WORK TO BE COMPLETED: The listing below contains a span that opens with the line containing "本次会议的项目来自生医学院顾" and closes with the line containing "Pour cela, l’utilisateur". Return that span exactly.

TASK INPUTS:
================
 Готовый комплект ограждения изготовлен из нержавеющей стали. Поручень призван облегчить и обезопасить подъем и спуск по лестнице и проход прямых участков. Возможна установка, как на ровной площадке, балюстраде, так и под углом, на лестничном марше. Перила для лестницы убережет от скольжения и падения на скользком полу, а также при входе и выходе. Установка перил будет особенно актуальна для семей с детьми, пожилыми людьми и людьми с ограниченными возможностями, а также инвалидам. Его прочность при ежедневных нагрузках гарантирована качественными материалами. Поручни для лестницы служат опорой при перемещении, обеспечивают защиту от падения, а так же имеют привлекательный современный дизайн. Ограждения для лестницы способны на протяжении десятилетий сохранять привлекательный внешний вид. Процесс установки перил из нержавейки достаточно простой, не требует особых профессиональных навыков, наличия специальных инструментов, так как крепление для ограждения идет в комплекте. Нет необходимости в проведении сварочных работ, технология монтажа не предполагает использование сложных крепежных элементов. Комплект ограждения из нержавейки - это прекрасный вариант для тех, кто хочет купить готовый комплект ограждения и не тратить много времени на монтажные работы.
================
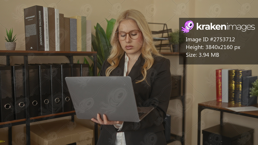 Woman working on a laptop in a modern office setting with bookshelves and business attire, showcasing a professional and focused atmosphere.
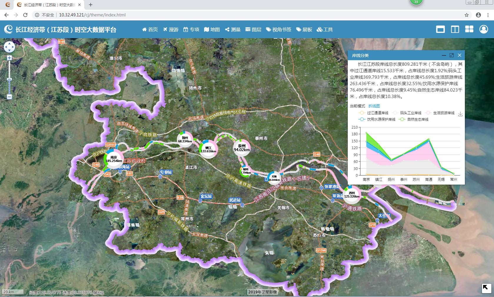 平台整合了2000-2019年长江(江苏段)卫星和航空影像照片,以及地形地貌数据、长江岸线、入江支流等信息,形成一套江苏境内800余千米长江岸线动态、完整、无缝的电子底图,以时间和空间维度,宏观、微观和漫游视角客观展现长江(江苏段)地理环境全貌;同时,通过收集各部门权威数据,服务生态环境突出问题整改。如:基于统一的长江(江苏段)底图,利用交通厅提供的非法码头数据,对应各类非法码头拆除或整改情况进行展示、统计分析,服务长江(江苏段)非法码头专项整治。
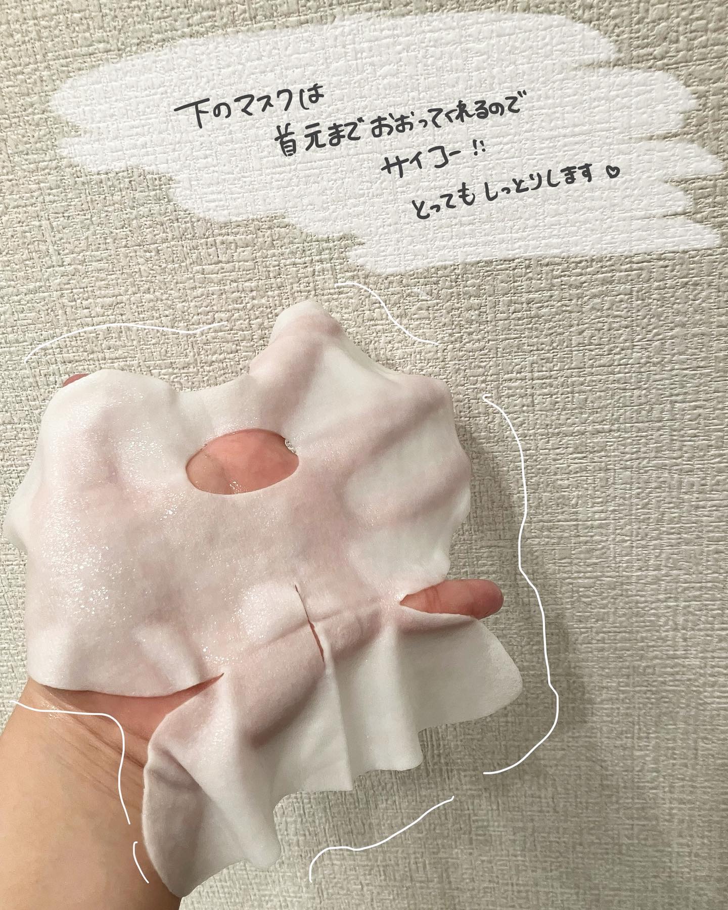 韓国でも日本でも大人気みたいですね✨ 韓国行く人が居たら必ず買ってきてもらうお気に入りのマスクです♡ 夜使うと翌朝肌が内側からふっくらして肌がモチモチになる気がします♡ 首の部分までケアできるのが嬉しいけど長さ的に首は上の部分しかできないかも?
================
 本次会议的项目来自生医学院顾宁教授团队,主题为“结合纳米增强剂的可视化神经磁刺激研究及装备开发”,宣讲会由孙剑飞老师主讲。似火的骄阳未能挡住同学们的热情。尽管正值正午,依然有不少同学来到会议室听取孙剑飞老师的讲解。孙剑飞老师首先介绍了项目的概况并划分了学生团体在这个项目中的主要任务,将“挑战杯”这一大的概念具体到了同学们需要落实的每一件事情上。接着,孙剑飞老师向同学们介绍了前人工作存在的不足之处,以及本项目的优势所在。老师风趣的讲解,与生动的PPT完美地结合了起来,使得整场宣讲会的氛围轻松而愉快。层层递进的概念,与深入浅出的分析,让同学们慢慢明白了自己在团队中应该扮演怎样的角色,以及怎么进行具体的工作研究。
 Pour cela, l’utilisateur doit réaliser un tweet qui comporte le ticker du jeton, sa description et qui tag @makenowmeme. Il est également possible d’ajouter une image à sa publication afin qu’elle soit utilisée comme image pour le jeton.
================
ANSWER SECTION:
 本次会议的项目来自生医学院顾宁教授团队,主题为“结合纳米增强剂的可视化神经磁刺激研究及装备开发”,宣讲会由孙剑飞老师主讲。似火的骄阳未能挡住同学们的热情。尽管正值正午,依然有不少同学来到会议室听取孙剑飞老师的讲解。孙剑飞老师首先介绍了项目的概况并划分了学生团体在这个项目中的主要任务,将“挑战杯”这一大的概念具体到了同学们需要落实的每一件事情上。接着,孙剑飞老师向同学们介绍了前人工作存在的不足之处,以及本项目的优势所在。老师风趣的讲解,与生动的PPT完美地结合了起来,使得整场宣讲会的氛围轻松而愉快。层层递进的概念,与深入浅出的分析,让同学们慢慢明白了自己在团队中应该扮演怎样的角色,以及怎么进行具体的工作研究。
 Pour cela, l’utilisateur doit réaliser un tweet qui comporte le ticker du jeton, sa description et qui tag @makenowmeme. Il est également possible d’ajouter une image à sa publication afin qu’elle soit utilisée comme image pour le jeton.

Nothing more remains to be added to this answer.